Realtime API

OpenAI Realtime API–compatible WebSocket endpoint for low-latency streaming audio and text interactions. Supports bidirectional audio, text messages, and tool calls over a single connection.

Connecting

Open a WebSocket connection to the realtime endpoint. Authenticate via query parameter or the Sec-WebSocket-Protocol header.

# Query parameter auth
wss://api.agilecloud.ai/v1/realtime?api_key=YOUR_API_KEY

# Header auth
Sec-WebSocket-Protocol: bearer.YOUR_API_KEY

Session Lifecycle

Connect → session.created (server)
  → session.update (client — set model, tools, params)
  → input_audio_buffer.append / conversation.item.create
  → response.create
  ← response.audio.delta / response.text.delta (streaming)
  ← response.done
  → Close

JavaScript Example

const ws = new WebSocket(
  "wss://api.agilecloud.ai/v1/realtime?api_key=YOUR_API_KEY"
);

ws.onopen = () => {
  // Configure session
  ws.send(JSON.stringify({
    type: "session.update",
    session: {
      model: "gpt-4o-mini",
      modalities: ["text"],
      instructions: "You are a helpful assistant.",
    },
  }));

  // Send a message
  ws.send(JSON.stringify({
    type: "conversation.item.create",
    item: {
      type: "message",
      role: "user",
      content: [{ type: "input_text", text: "Hello!" }],
    },
  }));

  // Request a response
  ws.send(JSON.stringify({ type: "response.create" }));
};

ws.onmessage = (event) => {
  const data = JSON.parse(event.data);
  if (data.type === "response.text.delta") {
    process.stdout.write(data.delta);
  }
};

Event Types

Direction	Event	Description
Server	session.created	Connection established, session ID assigned
Client	session.update	Configure model, tools, modalities
Client	conversation.item.create	Add a message to the conversation
Client	input_audio_buffer.append	Stream audio input (base64 PCM16)
Client	input_audio_buffer.commit	Finalize audio buffer
Client	response.create	Request a model response
Server	response.text.delta	Streaming text chunk
Server	response.audio.delta	Streaming audio chunk (base64)
Server	response.function_call_arguments.delta	Tool call argument delta
Server	response.done	Response complete (includes usage)
Server	error	Error event

Audio Format

Audio is streamed as base64-encoded PCM16 at 24kHz mono.
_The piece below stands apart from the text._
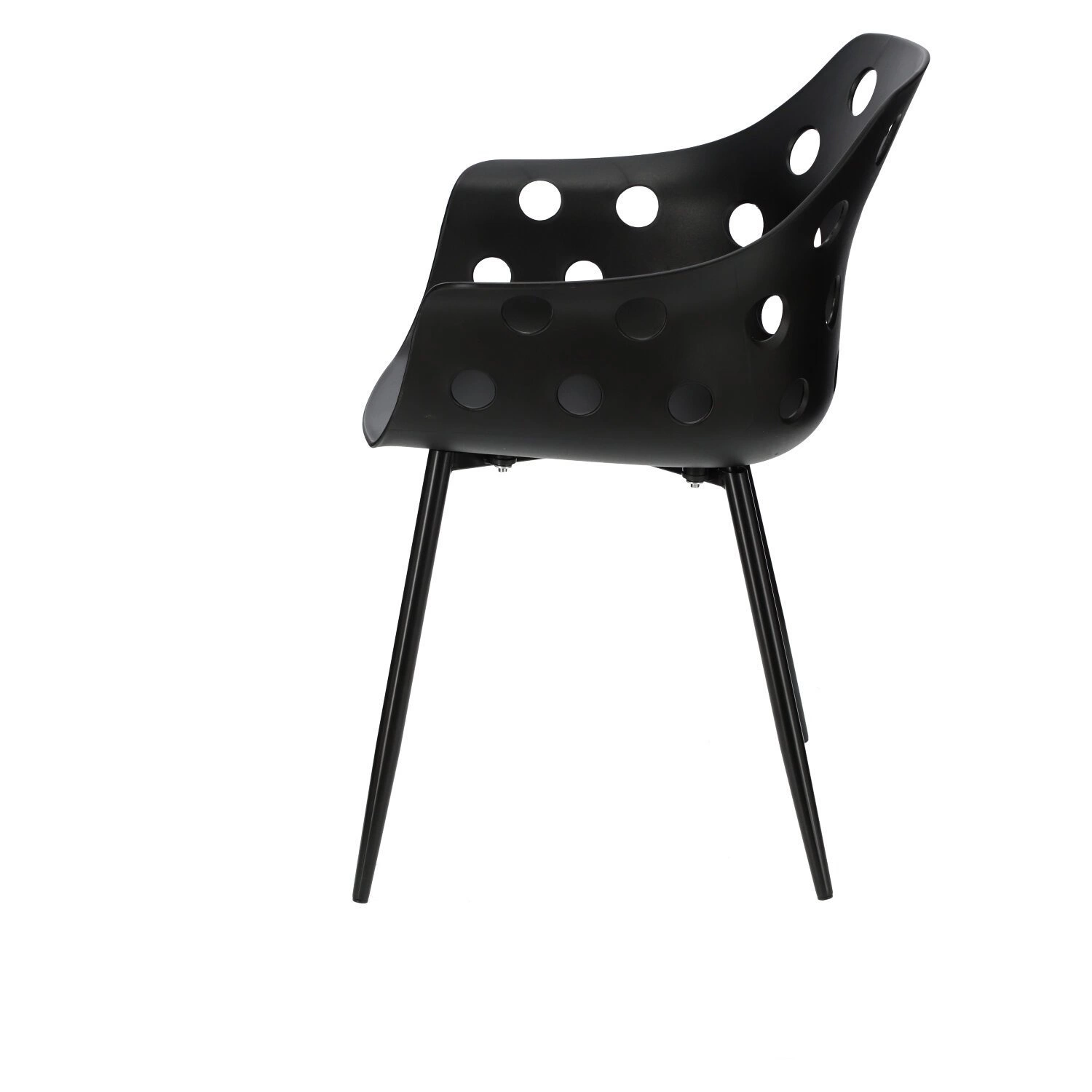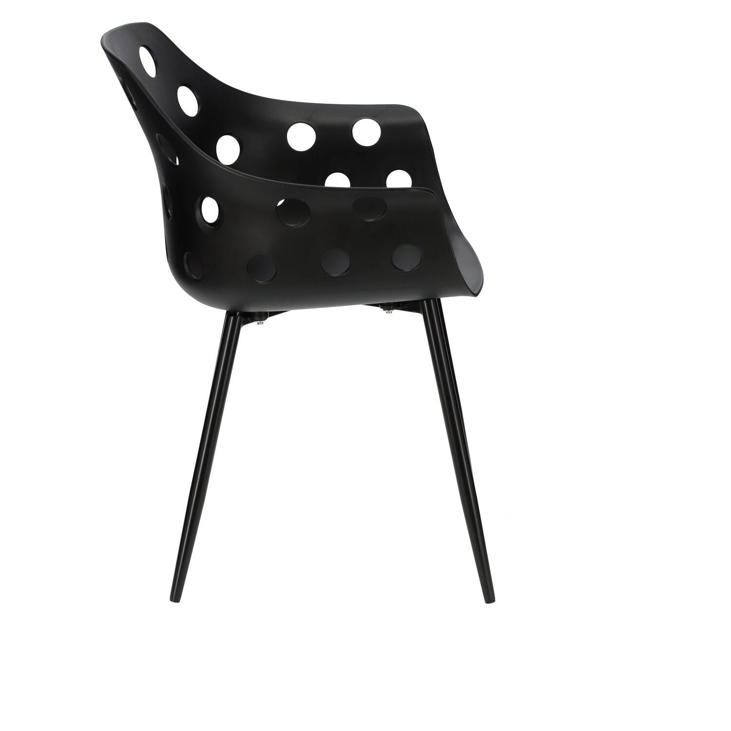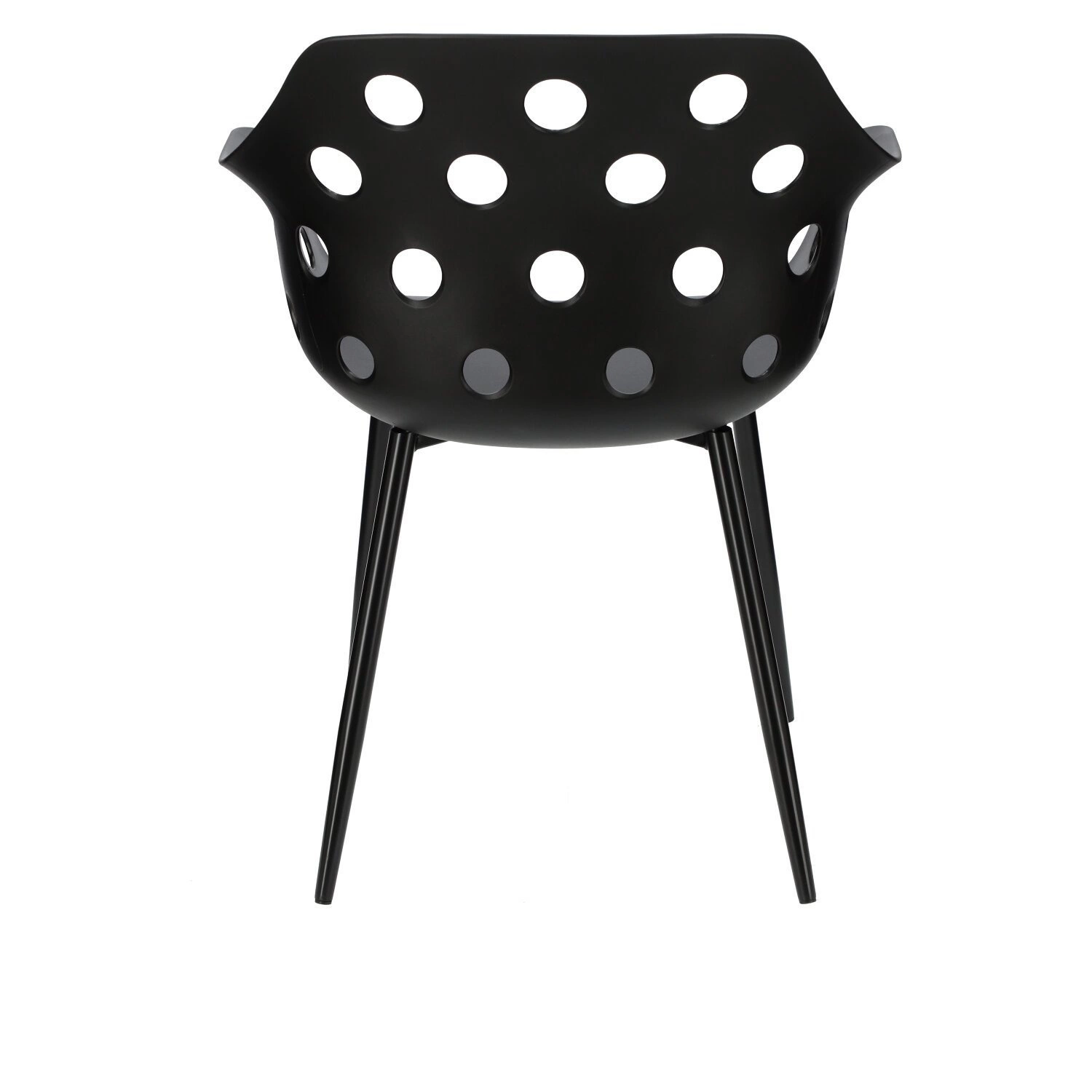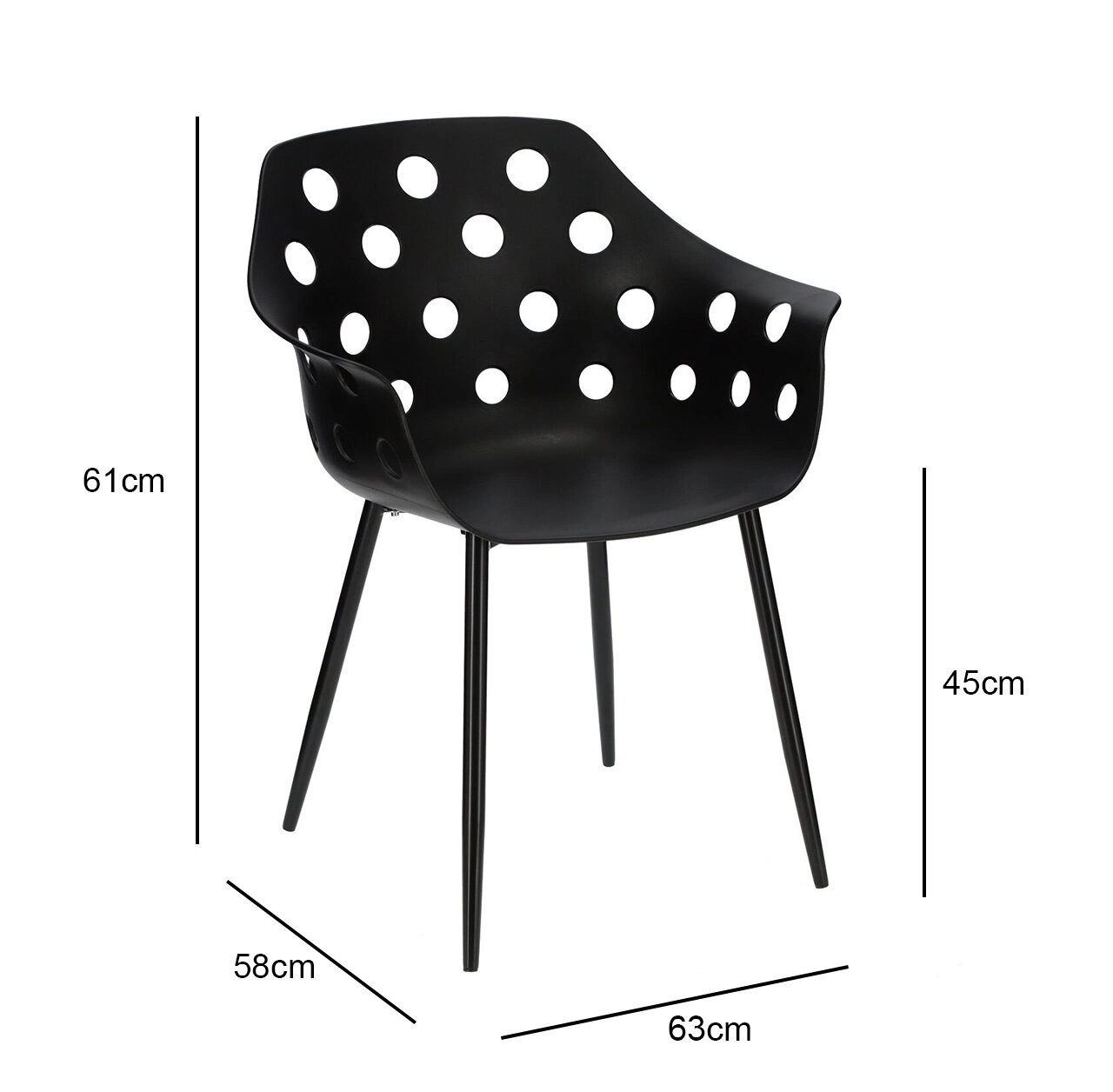 Židle Sajt od značky Intesi je skvělou volbou pro ty, kteří oceňují moderní styl, pohodlí a dlouhou životnost. Vyrobena z odolného plastu v hluboké černé barvě a podepřena stabilní kovovou základnou, perfektně se hodí jako jídelní židle, ale také do kuchyně nebo na terasu. Profilované skořepinové sedadlo s područkami poskytuje komfort i při delším sezení, zatímco kompaktní rozměry (šířka 63 cm, hloubka 58 cm, výška 61 cm) umožňují snadné začlenění židle do různých interiérů.

Input audio is buffered on the server and transcribed when committed. Output audio is streamed as deltas.

Rate Limiting

WebSocket connections are rate-limited per API key. Connection limits and message throughput vary by tier. Exceeding limits results in a close frame with code 1008 (Policy Violation).

Billing

Realtime sessions are billed per token (text) and per second (audio), at the same rates as the corresponding REST endpoints. Usage is reported in the response.done event.